» WORK TO BE COMPLETED
Using the data below, restate exactly every line from the one with "Cette belle maison" up to and including the one with "司法部法律職業(yè)資格管". No picture belongs in it.

» DATA
───

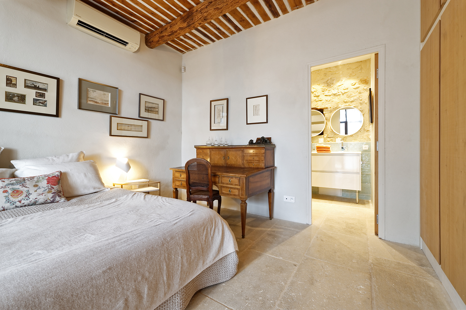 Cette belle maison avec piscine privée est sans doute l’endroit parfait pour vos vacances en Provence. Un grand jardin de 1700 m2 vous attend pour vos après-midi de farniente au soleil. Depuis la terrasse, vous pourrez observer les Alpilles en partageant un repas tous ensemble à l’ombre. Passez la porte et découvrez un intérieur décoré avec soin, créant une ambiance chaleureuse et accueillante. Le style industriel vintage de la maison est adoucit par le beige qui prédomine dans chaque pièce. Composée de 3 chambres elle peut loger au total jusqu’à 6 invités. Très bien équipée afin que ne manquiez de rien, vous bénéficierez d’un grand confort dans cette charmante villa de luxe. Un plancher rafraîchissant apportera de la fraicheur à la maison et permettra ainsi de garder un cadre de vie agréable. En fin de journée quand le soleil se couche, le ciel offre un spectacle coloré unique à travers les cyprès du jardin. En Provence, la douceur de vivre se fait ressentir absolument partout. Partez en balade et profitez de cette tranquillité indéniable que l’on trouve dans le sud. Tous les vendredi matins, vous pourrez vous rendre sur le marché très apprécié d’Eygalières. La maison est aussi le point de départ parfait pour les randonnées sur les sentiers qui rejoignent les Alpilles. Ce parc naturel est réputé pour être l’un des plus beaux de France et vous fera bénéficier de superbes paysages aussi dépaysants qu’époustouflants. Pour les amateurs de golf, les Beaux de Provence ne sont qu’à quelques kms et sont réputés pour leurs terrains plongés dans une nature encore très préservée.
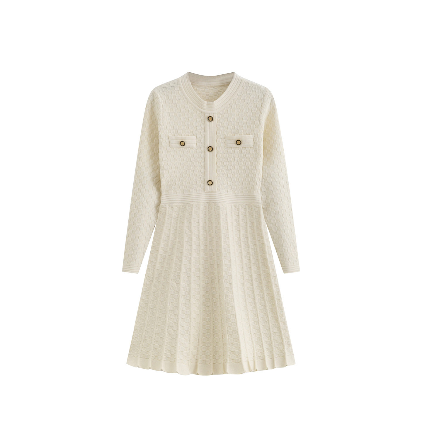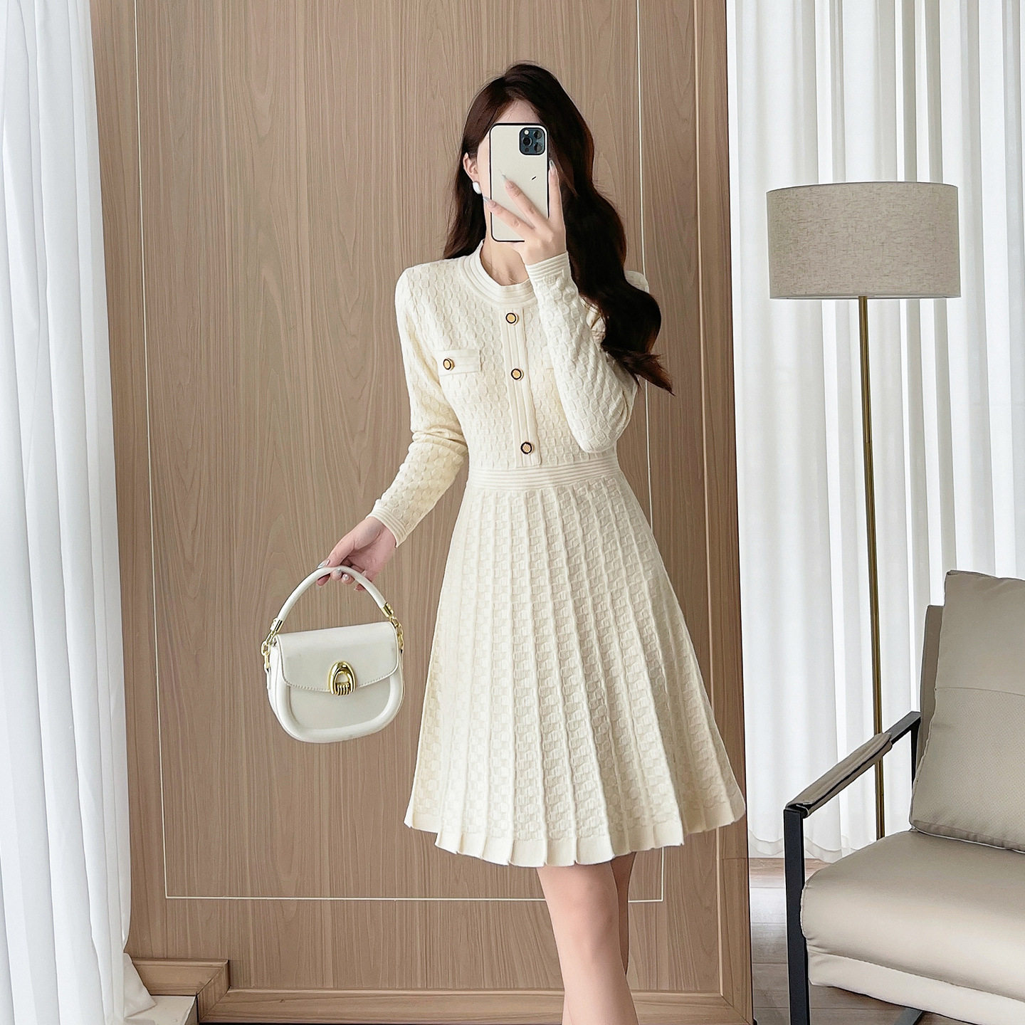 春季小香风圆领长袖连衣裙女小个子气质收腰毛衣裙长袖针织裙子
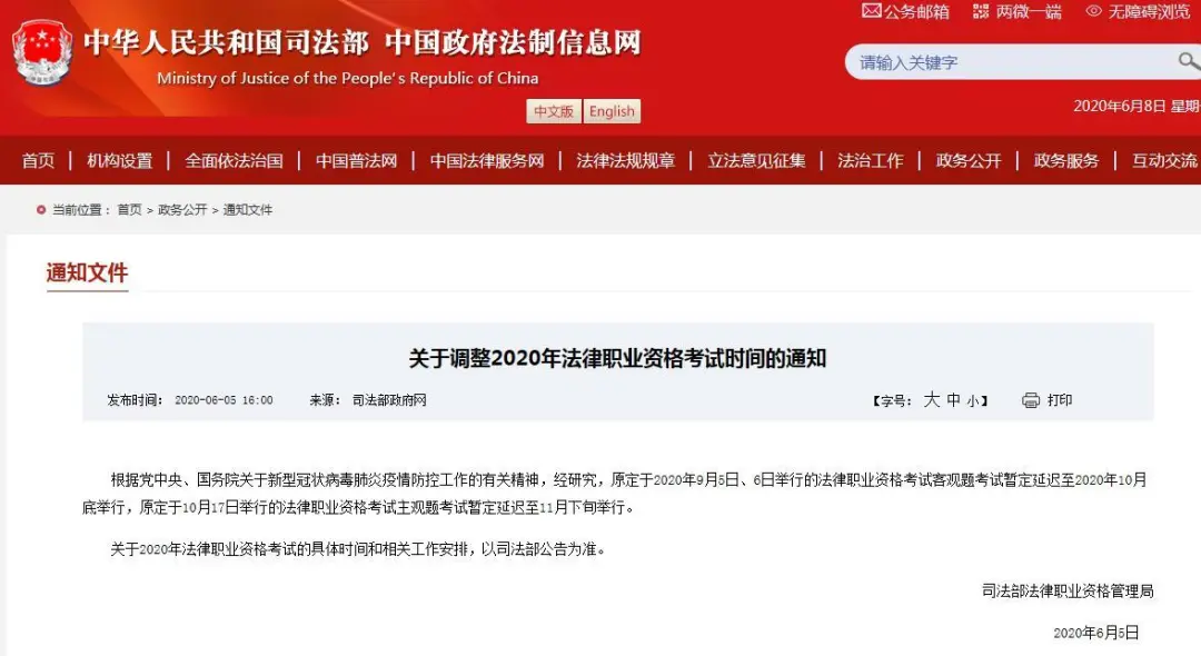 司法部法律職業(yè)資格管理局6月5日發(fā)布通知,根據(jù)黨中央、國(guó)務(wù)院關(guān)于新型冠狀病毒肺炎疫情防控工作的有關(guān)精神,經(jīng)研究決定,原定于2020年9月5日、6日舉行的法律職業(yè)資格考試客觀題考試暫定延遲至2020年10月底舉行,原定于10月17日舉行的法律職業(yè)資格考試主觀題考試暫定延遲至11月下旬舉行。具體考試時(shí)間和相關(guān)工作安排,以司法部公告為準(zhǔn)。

───

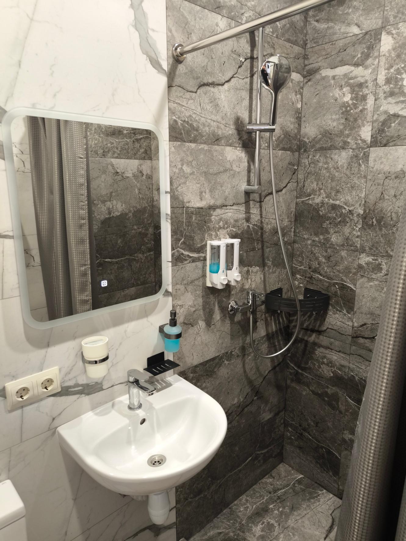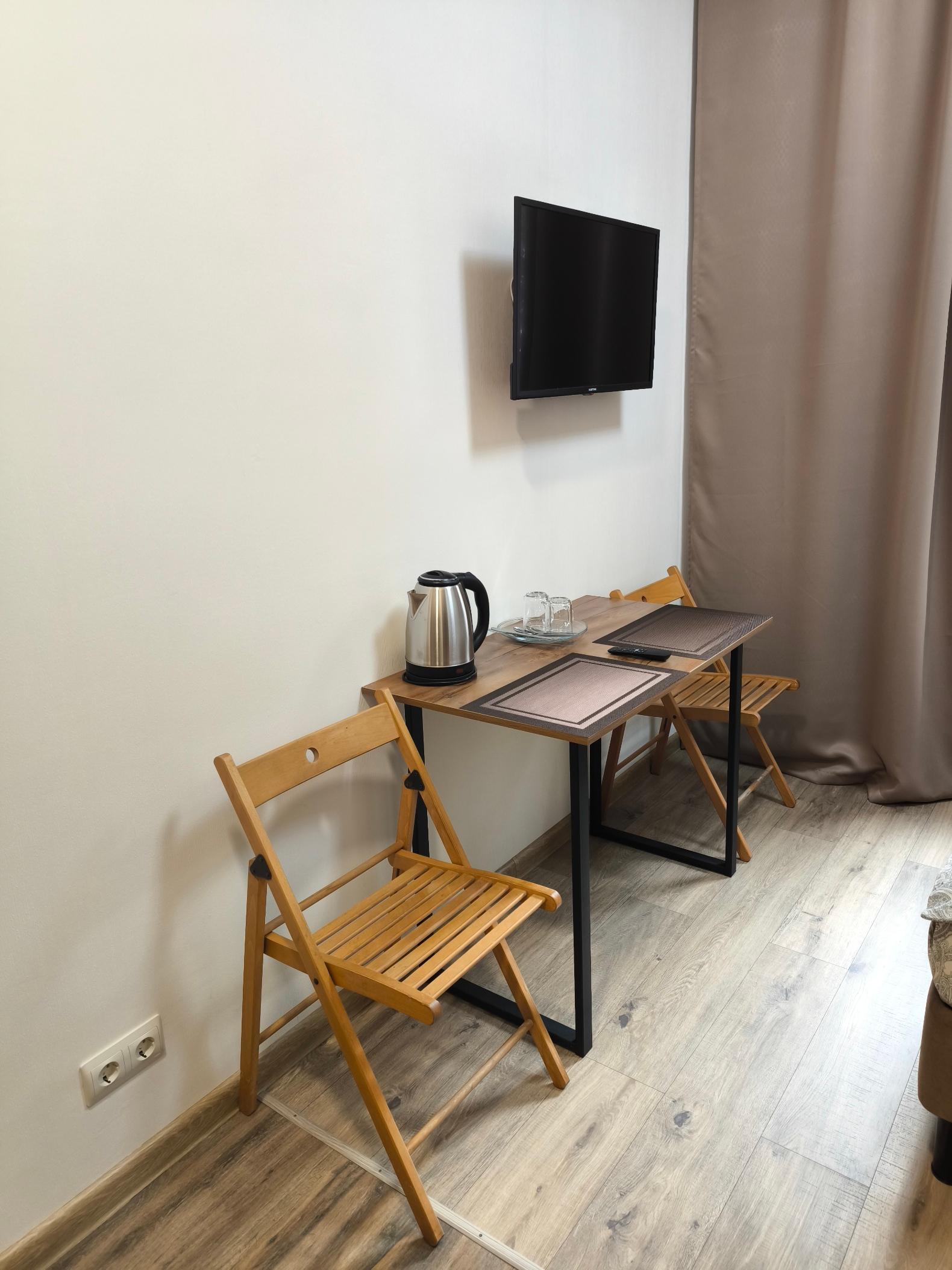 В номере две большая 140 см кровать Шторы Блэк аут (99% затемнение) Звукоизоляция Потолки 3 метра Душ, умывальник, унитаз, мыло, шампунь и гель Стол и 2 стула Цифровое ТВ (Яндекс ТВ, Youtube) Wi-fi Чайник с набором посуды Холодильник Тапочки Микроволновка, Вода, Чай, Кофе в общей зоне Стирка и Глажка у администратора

───

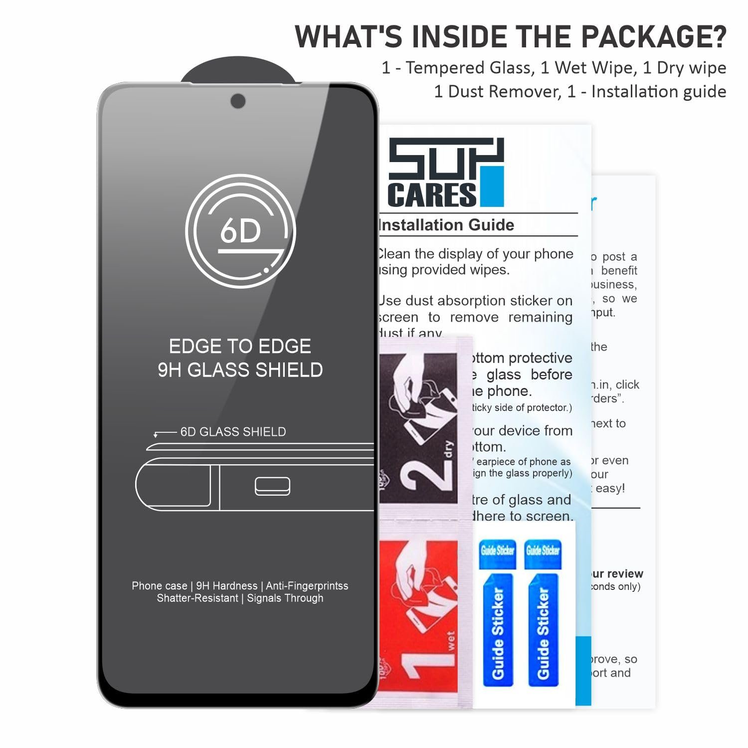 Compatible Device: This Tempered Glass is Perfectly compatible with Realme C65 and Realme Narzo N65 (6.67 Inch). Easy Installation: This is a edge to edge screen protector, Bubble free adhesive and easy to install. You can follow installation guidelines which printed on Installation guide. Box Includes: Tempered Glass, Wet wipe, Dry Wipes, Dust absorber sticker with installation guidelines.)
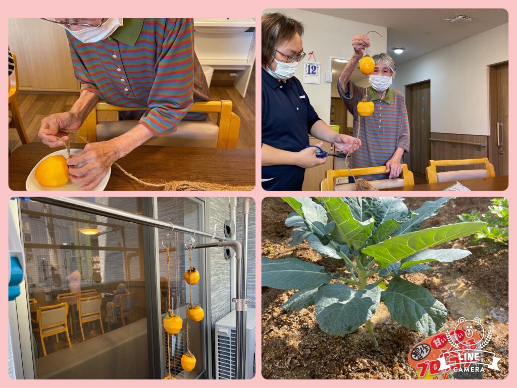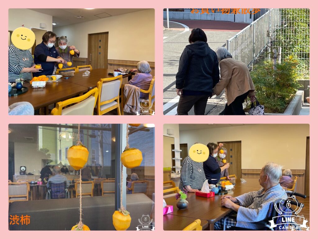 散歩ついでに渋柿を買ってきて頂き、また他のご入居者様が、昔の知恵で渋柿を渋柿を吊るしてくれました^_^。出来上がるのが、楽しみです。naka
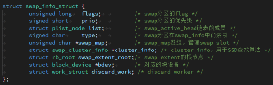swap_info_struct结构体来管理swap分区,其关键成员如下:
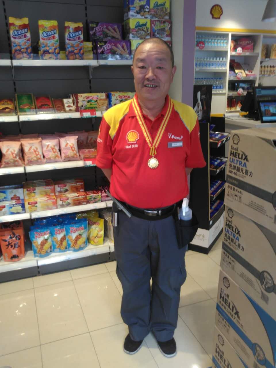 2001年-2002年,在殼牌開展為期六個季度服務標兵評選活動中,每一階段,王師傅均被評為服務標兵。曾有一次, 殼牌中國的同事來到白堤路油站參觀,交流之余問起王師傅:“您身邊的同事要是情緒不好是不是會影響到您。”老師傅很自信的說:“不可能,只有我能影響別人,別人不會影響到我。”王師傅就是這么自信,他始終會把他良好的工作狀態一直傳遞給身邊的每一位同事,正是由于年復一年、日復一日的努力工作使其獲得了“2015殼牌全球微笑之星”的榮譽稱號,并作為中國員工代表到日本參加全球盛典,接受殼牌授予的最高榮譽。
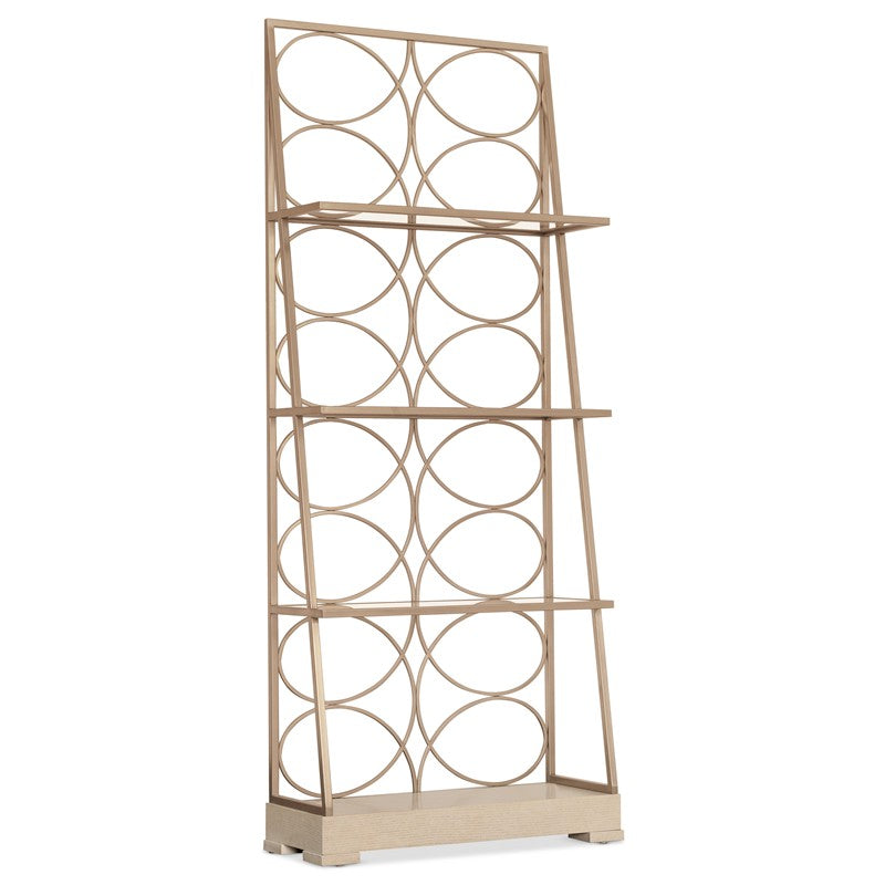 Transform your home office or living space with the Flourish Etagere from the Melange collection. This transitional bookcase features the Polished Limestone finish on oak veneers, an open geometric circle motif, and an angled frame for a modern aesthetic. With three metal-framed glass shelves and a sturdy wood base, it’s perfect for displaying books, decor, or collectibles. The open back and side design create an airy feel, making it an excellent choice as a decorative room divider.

───

» OUTPUT OF THE EXERCISE
 Cette belle maison avec piscine privée est sans doute l’endroit parfait pour vos vacances en Provence. Un grand jardin de 1700 m2 vous attend pour vos après-midi de farniente au soleil. Depuis la terrasse, vous pourrez observer les Alpilles en partageant un repas tous ensemble à l’ombre. Passez la porte et découvrez un intérieur décoré avec soin, créant une ambiance chaleureuse et accueillante. Le style industriel vintage de la maison est adoucit par le beige qui prédomine dans chaque pièce. Composée de 3 chambres elle peut loger au total jusqu’à 6 invités. Très bien équipée afin que ne manquiez de rien, vous bénéficierez d’un grand confort dans cette charmante villa de luxe. Un plancher rafraîchissant apportera de la fraicheur à la maison et permettra ainsi de garder un cadre de vie agréable. En fin de journée quand le soleil se couche, le ciel offre un spectacle coloré unique à travers les cyprès du jardin. En Provence, la douceur de vivre se fait ressentir absolument partout. Partez en balade et profitez de cette tranquillité indéniable que l’on trouve dans le sud. Tous les vendredi matins, vous pourrez vous rendre sur le marché très apprécié d’Eygalières. La maison est aussi le point de départ parfait pour les randonnées sur les sentiers qui rejoignent les Alpilles. Ce parc naturel est réputé pour être l’un des plus beaux de France et vous fera bénéficier de superbes paysages aussi dépaysants qu’époustouflants. Pour les amateurs de golf, les Beaux de Provence ne sont qu’à quelques kms et sont réputés pour leurs terrains plongés dans une nature encore très préservée.
 春季小香风圆领长袖连衣裙女小个子气质收腰毛衣裙长袖针织裙子
 司法部法律職業(yè)資格管理局6月5日發(fā)布通知,根據(jù)黨中央、國(guó)務(wù)院關(guān)于新型冠狀病毒肺炎疫情防控工作的有關(guān)精神,經(jīng)研究決定,原定于2020年9月5日、6日舉行的法律職業(yè)資格考試客觀題考試暫定延遲至2020年10月底舉行,原定于10月17日舉行的法律職業(yè)資格考試主觀題考試暫定延遲至11月下旬舉行。具體考試時(shí)間和相關(guān)工作安排,以司法部公告為準(zhǔn)。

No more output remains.